Die gemäß den §§ 143, 144 SGG statthafte Berufung des Beklagten, über die der Senat im Einverständnis der Beteiligten ohne mündliche Verhandlung entschieden hat (§ 124 Abs. 2 SGG), ist zulässig und mit dem vom Beklagten gestellten Berufungsantrag in der Sache begründet, weil eine wesentliche Änderung gegenüber dem maßgeblichen Vergleichsbescheid vom 08.01.2001 eingetreten ist, die die Herabsetzung des GdB auf 40 seit dem 25.02.2006 rechtfertigt.

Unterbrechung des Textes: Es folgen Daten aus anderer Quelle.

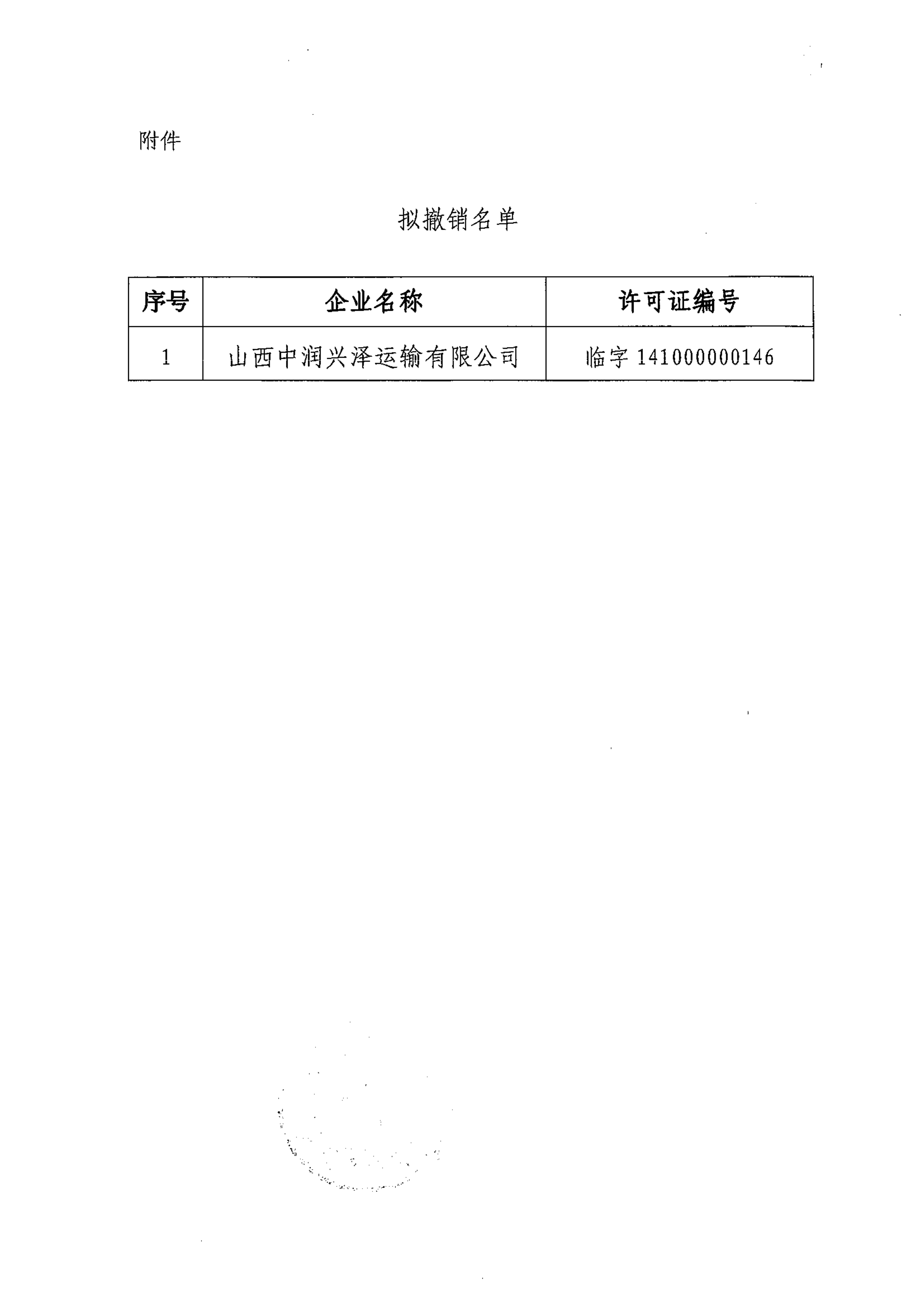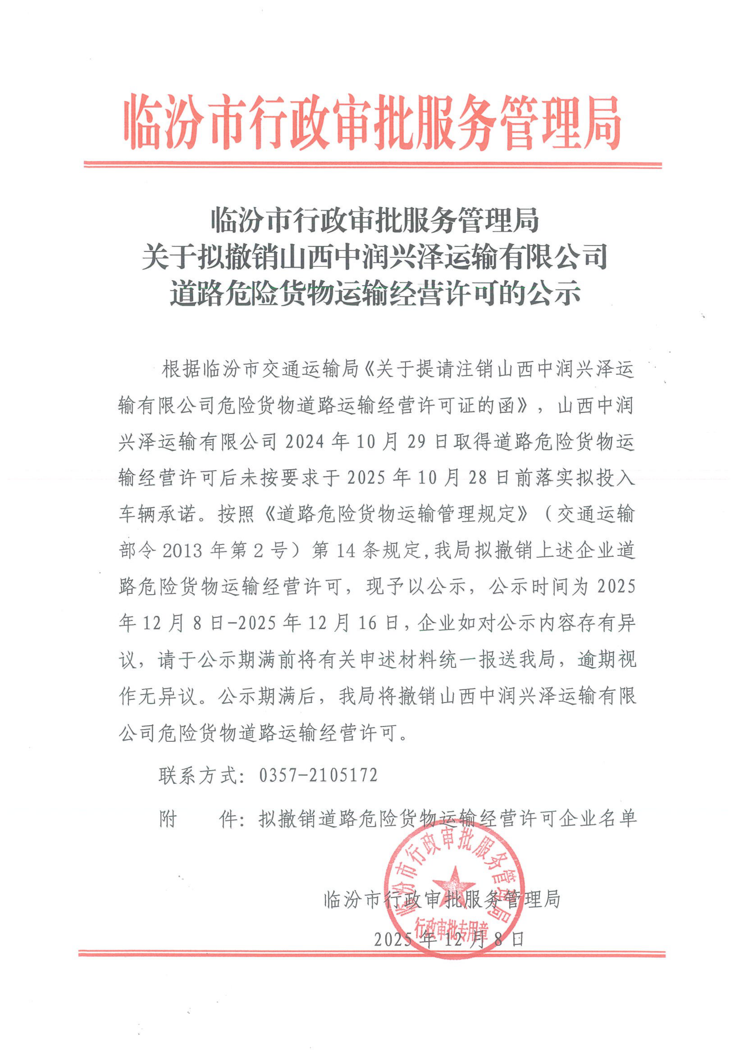 临汾市行政审批服务管理局关于拟撤销山西中润兴泽运输有限公司道路危险货物运输经营许可的公示
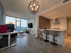 Welcome to this stunning northwest corner unit at Kings Crossing II by Cressey, offering breathtaking views of the city skyline and mountains. The home features Cressey’s signature open kitchen with integrated appliances and quartz counters, plus central air conditioning for year-round comfort which is controlled by the latest Google Nest Learning Thermostat. The large balcony is perfect for outdoor living, while the building's amenities include a concierge available from 8 AM to 11 PM, a state-of-the-art gym, indoor basketball and squash courts, and steam/sauna rooms. This complex includes a Pricemart and a large commercial gym right downstairs for ultimate convenience. Bonus: the unit comes with one of the building's larger parking spaces and a storage locker.
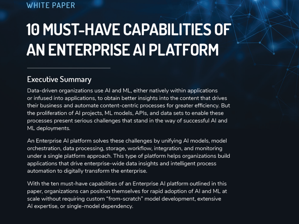 With the ten must-have capabilities of an Enterprise AI platform outlined in this paper from Veritone, organizations can position themselves for rapid adoption of AI and ML at scale without requiring custom “from-scratch” model development, extensive AI expertise, or single-model dependency.
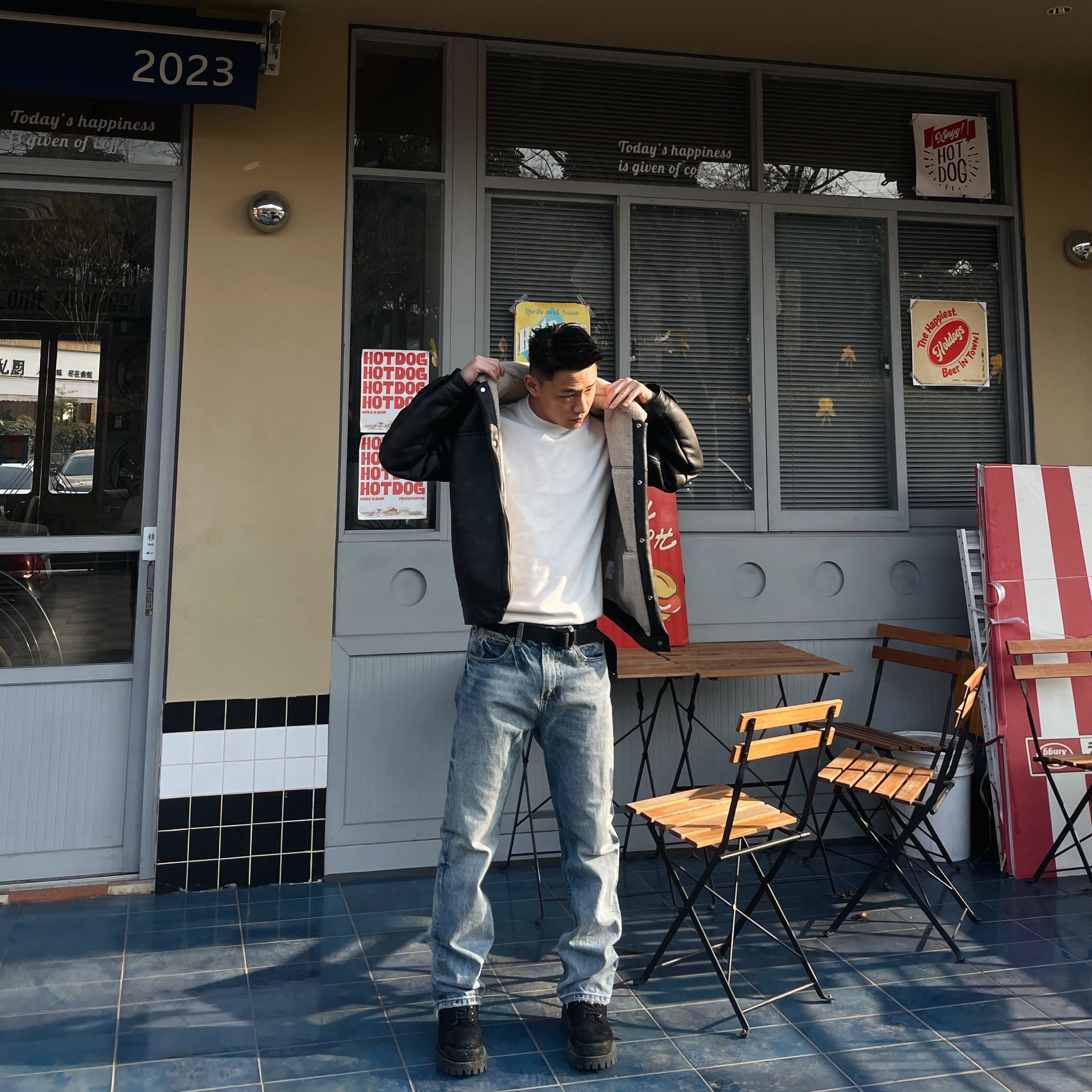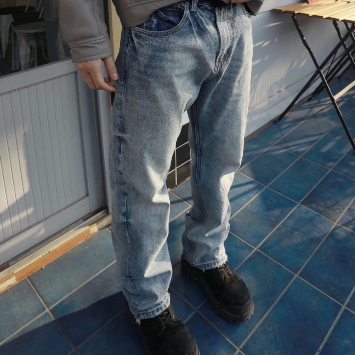 男美式 子弯刀裤 高街vibe窄版 显瘦裤 直筒修身 水泥烟灰色微喇牛仔裤

Die angefochtenen Bescheide des Beklagten sind nicht formell rechtswidrig. Der Kläger ist vor dem Erlass der streitgegenständlichen Bescheide ordnungsgemäß angehört worden (§ 24 Abs. 1 Zehntes Buch Sozialgesetzbuch - SGB X -). Der Bescheid vom 17.02.2006 in der Gestalt des Widerspruchsbescheids vom 16.10.2006 lässt auch hinreichend erkennen, wegen welcher Funktionsbeeinträchtigungen (zunächst) nur noch von einem GdB von 20 ausgegangen wurde, wie auch das Klagevorbringen des Klägers im Schriftsatz vom 15.11.2006 zeigt. Ein Begründungsmangel liegt damit nicht vor.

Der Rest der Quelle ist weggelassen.